The ground bark was then imported to Europe and quickly prized. But Peru prohibited exporting Cinchona seeds. So, as colonialism and hard-drinking officers created more need, the supply of Peruvian Cinchona bark could not keep up with demand. Prices sky rocketed - at one point, the cost of the bark powder was its weight in gold - and the bark was over harvested. The Cinchona tree became nearly extinct.
In 1862, Charles Ledger smuggled Cinchona seedlings out of Peru and sold them to the Dutch government. Holland set up large plantations in Java, their colony in Indonesia. In later years synthetic quinine was used but Q Tonic has returned Peruvian quinine to the essence of tonic water. Q Tonic uses the hand picked hand-picked quinine and Mexican organic agave in their tonic water. The agave is a sweetener and gives the tonic a slightly earthy flavour.
Other tonics which have returned to quinine are Stirrings and Fever-Tree. Stirrings make a range of tonics with triple purified, coal filtered water infused with "Champagne" carbonation. Their tonic is made with triple purified water, cane sugar and extracts of cinchona bark. They also produce Lavender, Rosemary, Basil and Rose Essences.
Fever-Tree takes its name from the Cinchona and is an award winning tonic water. Its co-founders Chris Rolls and Tim Warrillow decided to make a tonic after a tonic tasting event to choose the best tonic to mix with Plymouth Gin.

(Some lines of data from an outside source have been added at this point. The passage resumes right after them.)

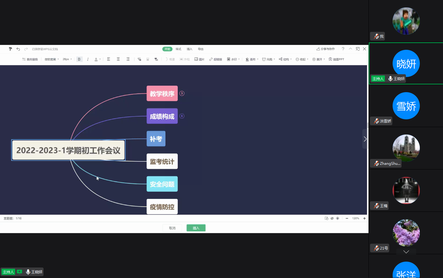 王晓妍主任从教学秩序、成绩构成、补考、监考统计、安全问题和疫情防控六个方面强调了近期工作。王主任再次提醒所有教师在日常交流中要提高政治敏感度,关注办公室水电和门窗的安全,要积极配合常态化疫情防控工作,并突出强调了近期教学工作,包括第一堂课课程介绍的注意事项、教学文件的准备和未返校学生同步上课的方式等事宜。最后,王主任针对新学期教师们的问题进行了解答。
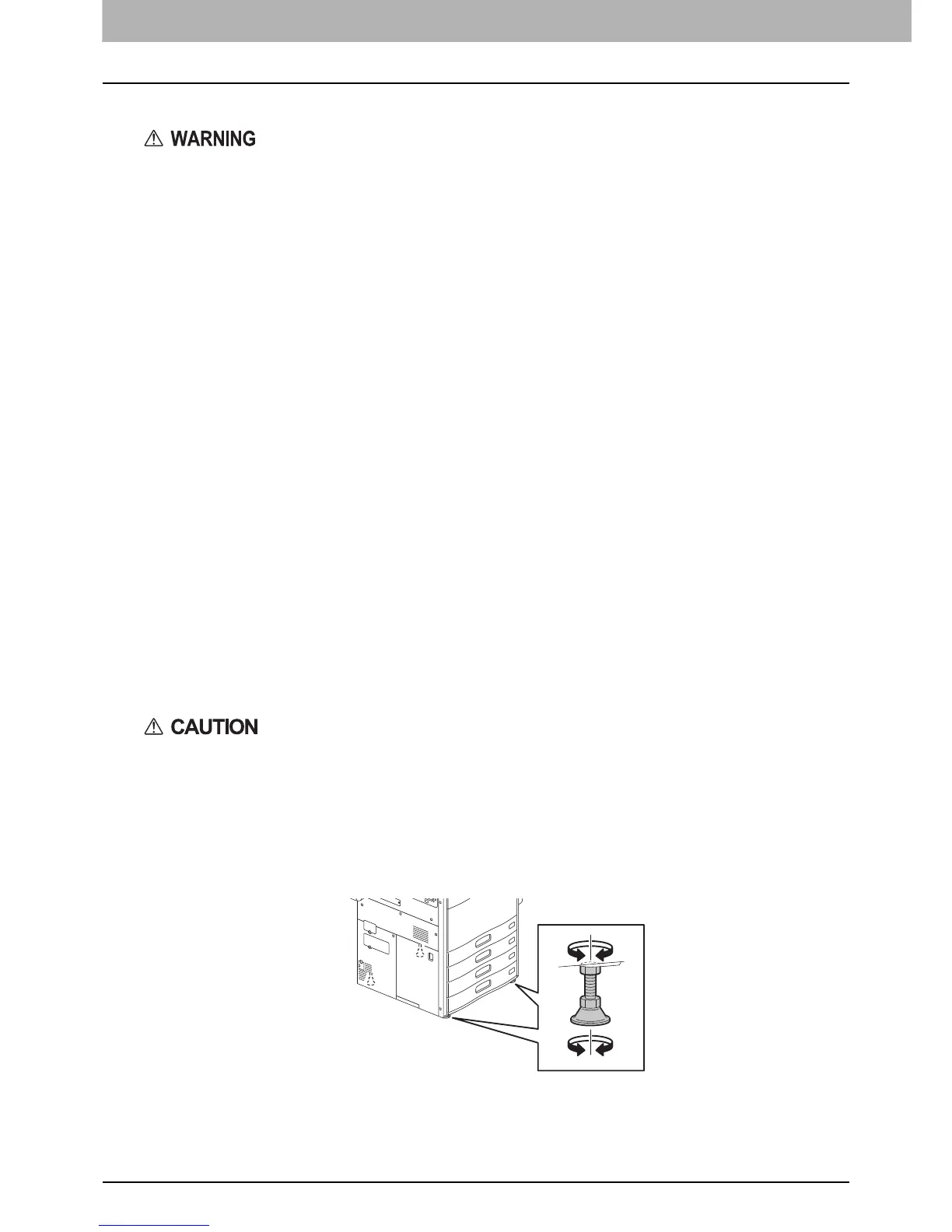 equipment, be sure to turn and lower the adjusters, and then fix them firmly on the floor.
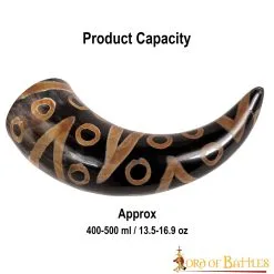 What’s fascinating about our drinking horn is its GENUINE origin. The total capacity of the horn is approx. 400-500 ml (of a liquid with up to 20% alcohol content). Please avoid dishwashers and hot beverages. Before use, make sure to wash under running water. For a longer life, treat with bees’ wax after each use. Please note this is a natural product that decays with time and, hence cracks may come.
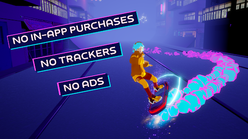 Slide, skate, and surf with Hana on a hoverboard through an adventure to find a mysterious treasure hidden in a futuristic and cyberpunk world.
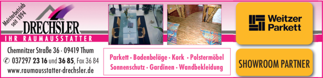 Die Adresse von Drechsler Raumausstatter Thum - Raum+Boden+Schatten lautet: Chemnitzer Str. 36, 09419 Thum

They discovered that:
“all the UK tonics contained artificial sweeteners such as saccharin . . . that all the American mixers used high fructose corn syrup and that . . .the use of cheap lemon aromatics (like decanal) was universal, and without exception all were preserved with sodium benzoate or similar substance.”
Quite rightly they point out that “What was the point of the premium gin, vodka, whisky and rum companies making excellent spirits if they were to be served up with mixers of such poor quality that the whole drinking experience was compromised?”